━━ Raw data

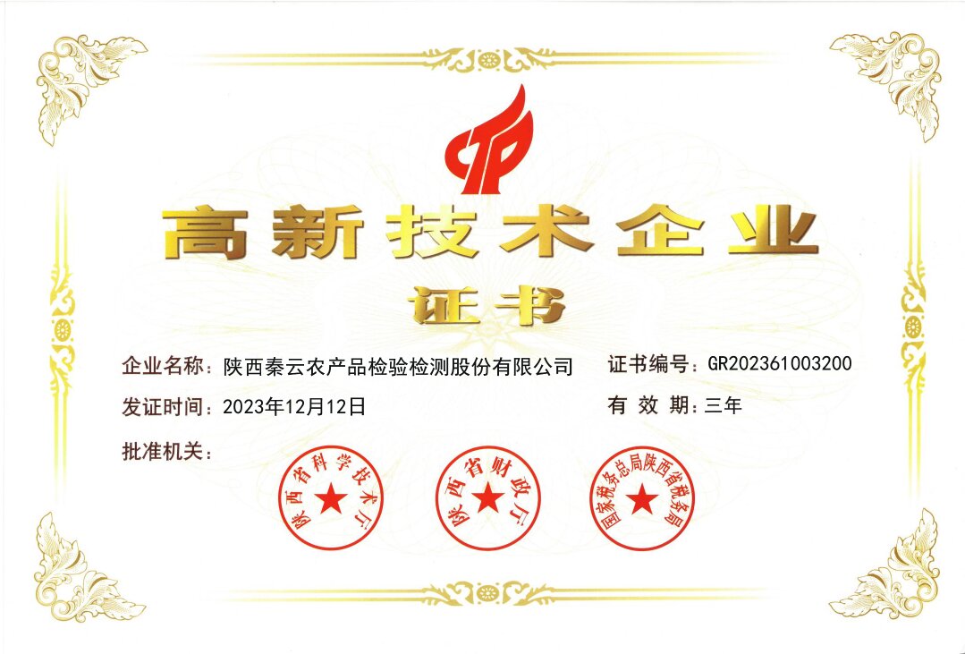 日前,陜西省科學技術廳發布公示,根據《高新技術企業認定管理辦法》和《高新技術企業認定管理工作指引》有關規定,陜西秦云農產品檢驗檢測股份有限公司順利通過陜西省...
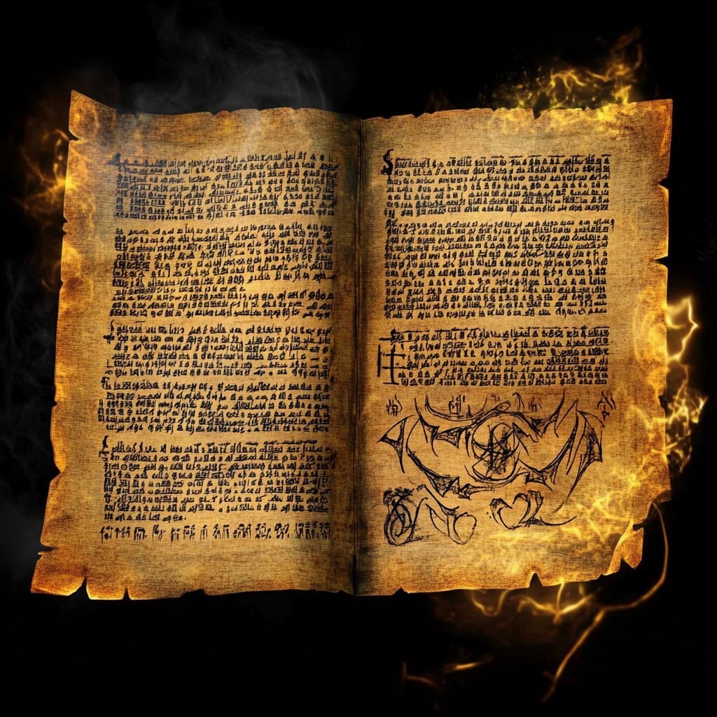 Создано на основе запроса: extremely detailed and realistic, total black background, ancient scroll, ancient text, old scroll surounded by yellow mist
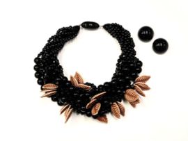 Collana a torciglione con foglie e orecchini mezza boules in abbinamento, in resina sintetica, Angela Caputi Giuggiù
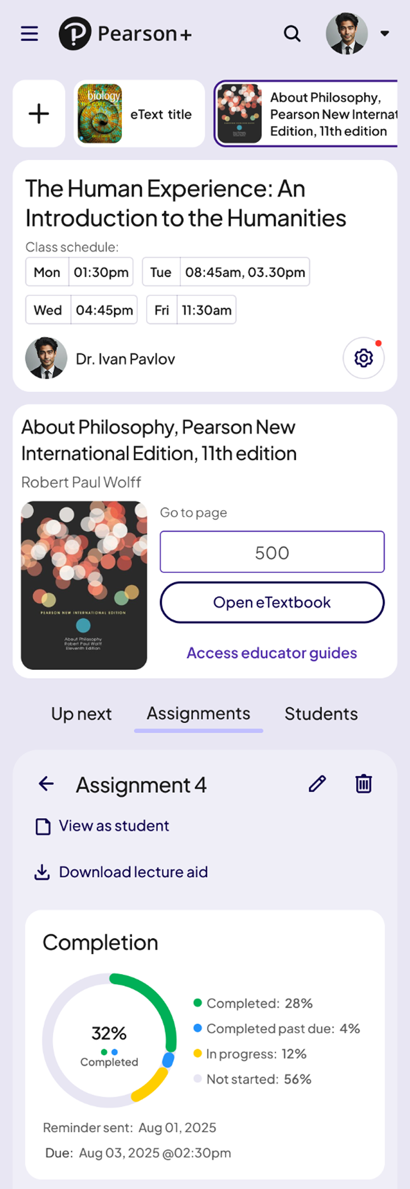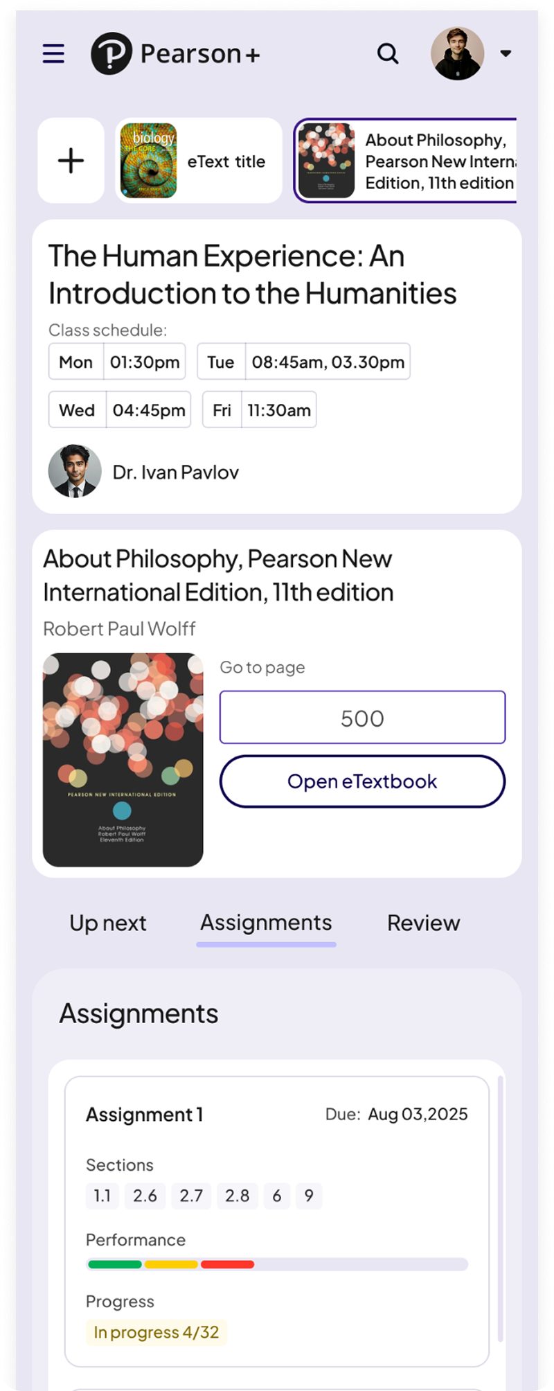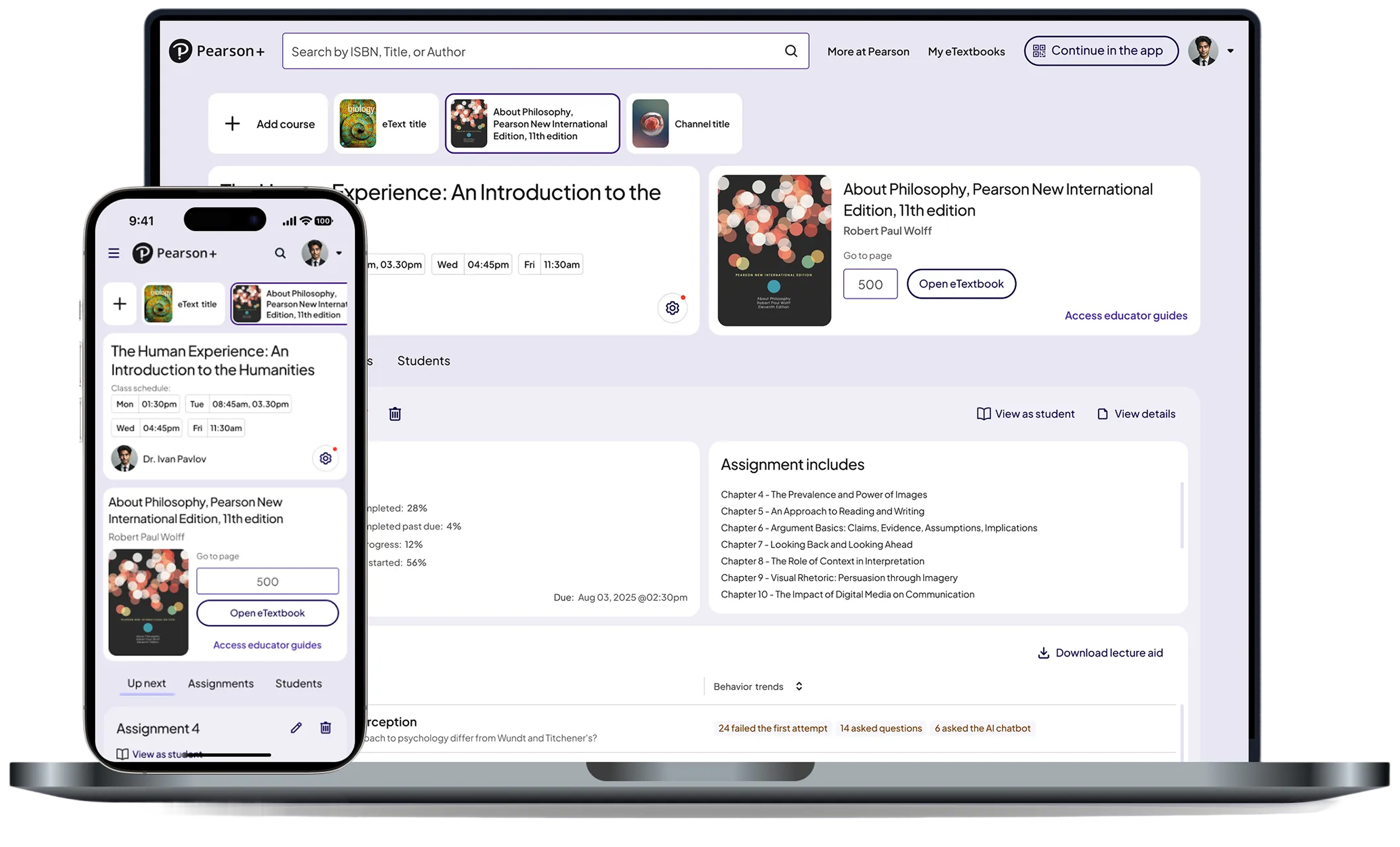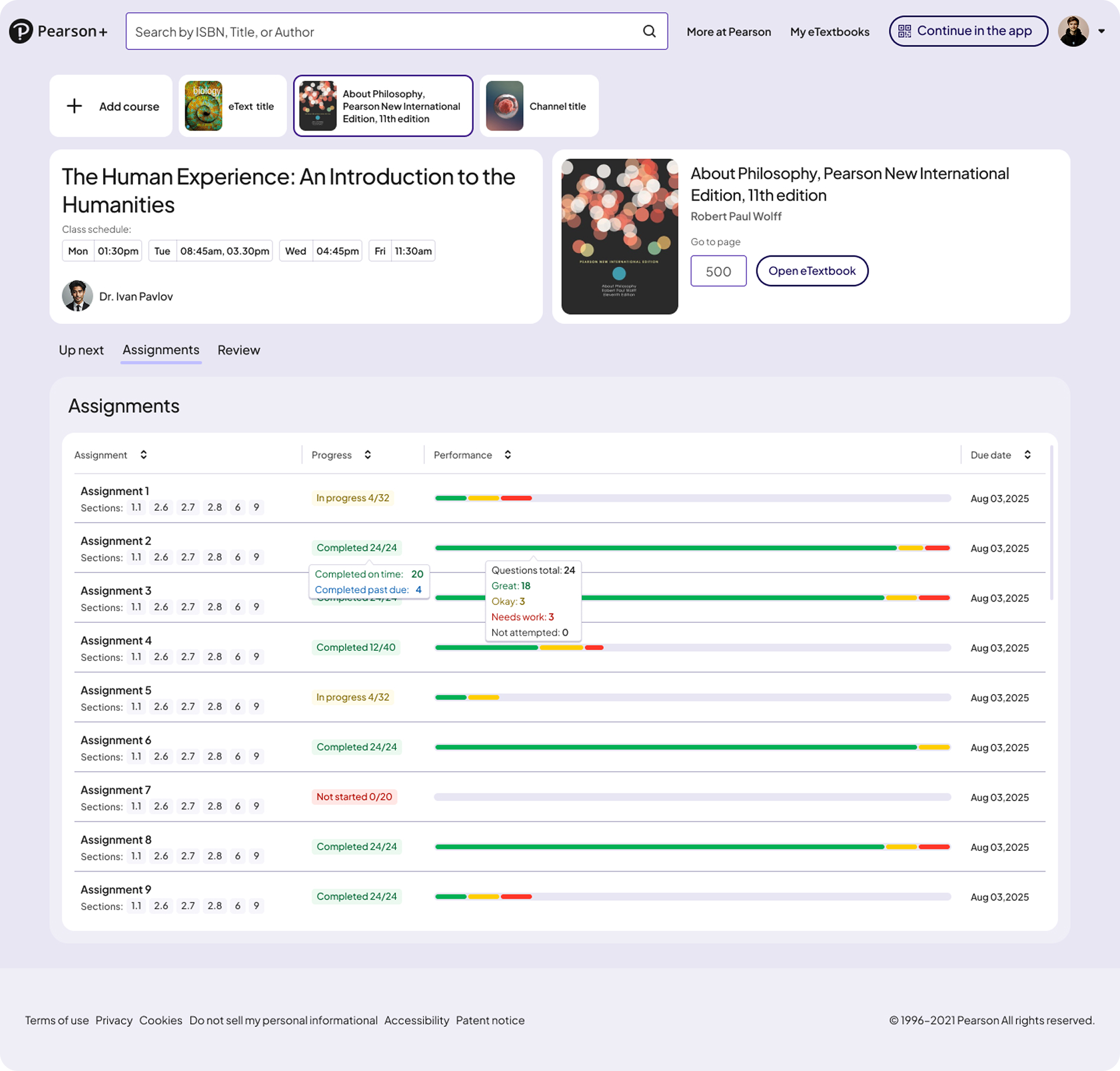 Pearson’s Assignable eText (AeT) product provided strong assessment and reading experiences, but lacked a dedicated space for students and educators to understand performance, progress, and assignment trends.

━━━━

- _Task objective_: Exact lines, nothing more: output the one with "Collana a torciglione" and every later line through the end of the data, skipping pictures.

- _Exercise solution_:
 Collana a torciglione con foglie e orecchini mezza boules in abbinamento, in resina sintetica, Angela Caputi Giuggiù
 Pearson’s Assignable eText (AeT) product provided strong assessment and reading experiences, but lacked a dedicated space for students and educators to understand performance, progress, and assignment trends.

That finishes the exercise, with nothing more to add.